Omnicare Capital Trust I, et. al.
February 19, 2003
Page 3

originals of all documents submitted to us as copies or forms, and (iii) the
genuineness of all signatures.

          For purposes of this opinion, we have assumed (i) that each of the
Trust Agreements will constitute the entire agreement among the parties thereto
with respect to the subject matter thereof, including with respect to the
creation, operation and termination of the applicable Trust, and that the Trust
Agreements and the Certificates of Trust will be in full force and effect and
will not be amended, (ii) except to the extent provided in paragraph 1 below,
the due organization or due formation, as the case may be, and valid existence
in good standing of each party to the documents examined by us under the laws of
the jurisdiction governing its organization or formation, (iii) the legal
capacity of natural persons who are parties to the documents examined by us,
(iv) that each of the parties to the documents examined by us has the power and
authority to execute and deliver, and to perform its obligations under, such
documents, (v) the due authorization, execution and delivery by all parties
thereto of all documents examined by us, (vi) the receipt by each Person to whom
a Preferred Security is to be issued by the Trusts (collectively, the
"Preferred Security Holders") of a Preferred Security Certificate for such
Preferred Security and the payment for such Preferred Security, in accordance
with the Trust Agreements and the Registration Statement, and (vii) that the
Preferred Securities are authenticated, issued and sold to the Preferred
Security Holders in accordance with the Trust Agreements and the Registration
Statement. We have not participated in the preparation of the Registration
Statement or the Prospectus and assume no responsibility for their contents.

          This opinion is limited to the laws of the State of Delaware
(excluding the securities laws of the State of Delaware), and we have not
considered and express no opinion on the laws of any other jurisdiction,
including federal laws and rules and regulations relating thereto. Our opinions
are rendered only with respect to Delaware laws and rules, regulations and
orders thereunder which are currently in effect.

          Based upon the foregoing, and upon our examination of such questions
of law and statutes of the State of Delaware as we have considered necessary or
appropriate, and subject to the assumptions, qualifications, limitations and
exceptions set forth herein, we are of the opinion that:

          1. Each of the Trusts has been duly created and is validly existing in
good standing as a statutory trust under the Delaware Statutory Trust Act.

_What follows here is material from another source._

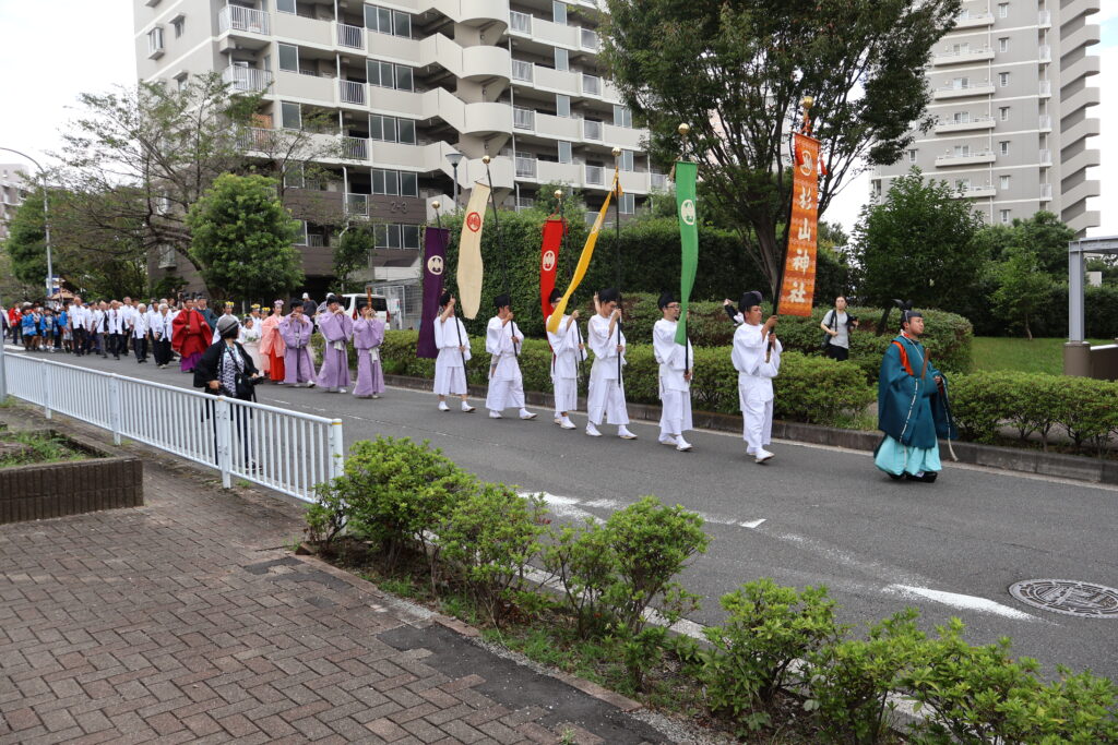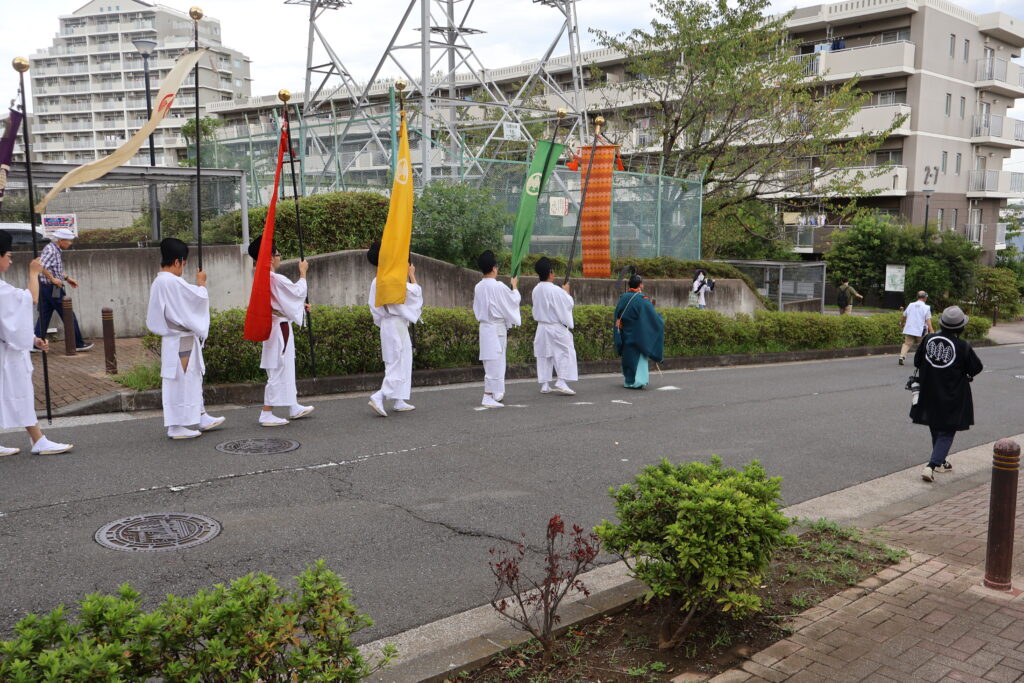 神主さんの後には暖簾持ちが続きます。

          2. The Preferred Securities of each Trust will be validly issued and,
subject to the qualifications set forth in paragraph 3 below, fully paid and
nonassessable undivided beneficial interests in the assets of the applicable
Trust.

          3. The Preferred Security Holders, as beneficial owners of the
applicable Trust, will be entitled to the same limitation of personal liability
extended to stockholders of private corporations for profit organized under the
General Corporation Law of the State of Delaware. We note that the Preferred
Security Holders may be obligated to make payments as set forth in the Trust
Agreements.







Omnicare Capital Trust I, et. al.
February 19, 2003
Page 4

          We consent to the filing of this opinion with the Securities and
Exchange Commission as an exhibit to the Registration Statement. We hereby
consent to the use of our name under the heading "Legal Matters" in the
Prospectus. In giving the foregoing consents, we do not thereby admit that we
come within the category of persons whose consent is required under Section 7 of
the Securities Act of 1933, as amended, or the rules and regulations of the
Securities and Exchange Commission thereunder.

                                              Very truly yours,

                                              /s/ Richard, Layton & Finger, P.A.